In my search for a home, I started out with two things: a depressingly tight budget in a town not known for cheap real estate, and a sort of dreamy idealism. This is not a good combination. It is in fact grounds for a head smack. I couldn’t do anything about the budget, but the idealism I could rein in with large doses of practicality, obsessive worry, and blunt assessments of my prospects. And when all else failed, I resorted to bouts of hysteria and stubbornness.

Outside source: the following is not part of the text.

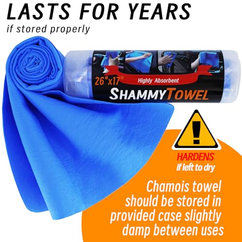 - 1. High-Performance PVA Chamois Towel for Car Crafted with advanced injection-molded PVA polymer, our synthetic chamois towel for car delivers lasting durability through repeated use. The smooth, non-abrasive surface protects vehicle finishes while absorbing moisture effectively., 2. Versatile Car Drying Shammy & Multi-Surface Design Each 26”x17” car drying shammy can be divided into two 17”x13” sections for multi-surface cleaning. Optimizes drying efficiency on cars, motorcycles, boats, and RV exteriors., 3. Gentle Shammy Cloth for Car Drying Engineered with ultra-fine PVA fibers, this shammy cloth for car drying removes water without leaving marks, residue, or streaks. Safe for glossy paint, glass, and chrome surfaces., 4. Exceptional Absorption Capacity Outperforms conventional sponges with high liquid retention. This car shammy releases moisture easily through simple wringing motions., 5. Easy-Care Shammy Towel for Car Maintain your shammy towel for car by storing it damp in an airtight container. If fully dried, a 10-second water immersion restores softness and absorption.

I’d done this before. There was the first house, the Arts and Crafts bungalow in Michigan that had a fabulous telescoping back yard where I grew buckets of tomatoes and armloads of peonies and lady’s mantle. There had been the 4 bedroom 2.5 car attached garage Beige-O-Matic in Subdivision-Land, where I made great friends and drank great (and much) wine but loathed the generic-looking rooms, the white vinyl floors and builder’s grade everything. Then there was the dark and depressing 1970s colonial, chosen for lack of better options in a tight market, which turned out to be the harvest gold stage upon which my marriage failed.

This time, I wanted to get it exactly right. This time, I wanted and needed a recipe made up of one part memory, one part new beginning.

On the doorstep of a new life

It took me a long time to be standing here, at this door, on this welcome mat. MY welcome mat. In the course of just a few years, I moved back to the Midwestern college town I’d done most of my growing up in, became a writer, left a marriage that was no longer an equal partnership, and then lived a few wickedly confused years divorcing, living with mom (eek!), living in an apartment, and struggling to find a place to call my own. That’s a run-on sentence, I know, but that was how my life was. I lived a run-on life.

With four boys and the shaky beginnings of a something most people refer to as “the rest of my life” (holy cow, I can’t even figure out how to get through today), there needed to be a place for it all to unfold. Somewhere I could leave my shoes under tables (a habit of mine), sew until I curse (a hobby of mine), and shovel dirt around the yard (a stress reliever of mine). I needed a place where my boys could yell, sleep, toss socks and spill milk. I needed a house. I needed a home.

I found one. Or it found me. Probably a little of both.

Either way (or both), in June of 2011, I turned the key to a 1930’s colonial revival cape cod cottage.

Now, in November 2011, I’m creating a blog to document a story that has only just begun—one that I suspect will involve a random and wonderful assortment of things, spray paint and late nights and wine on the porch and local history and shopping in flea markets. Welcome to my doorstep. Welcome to my home.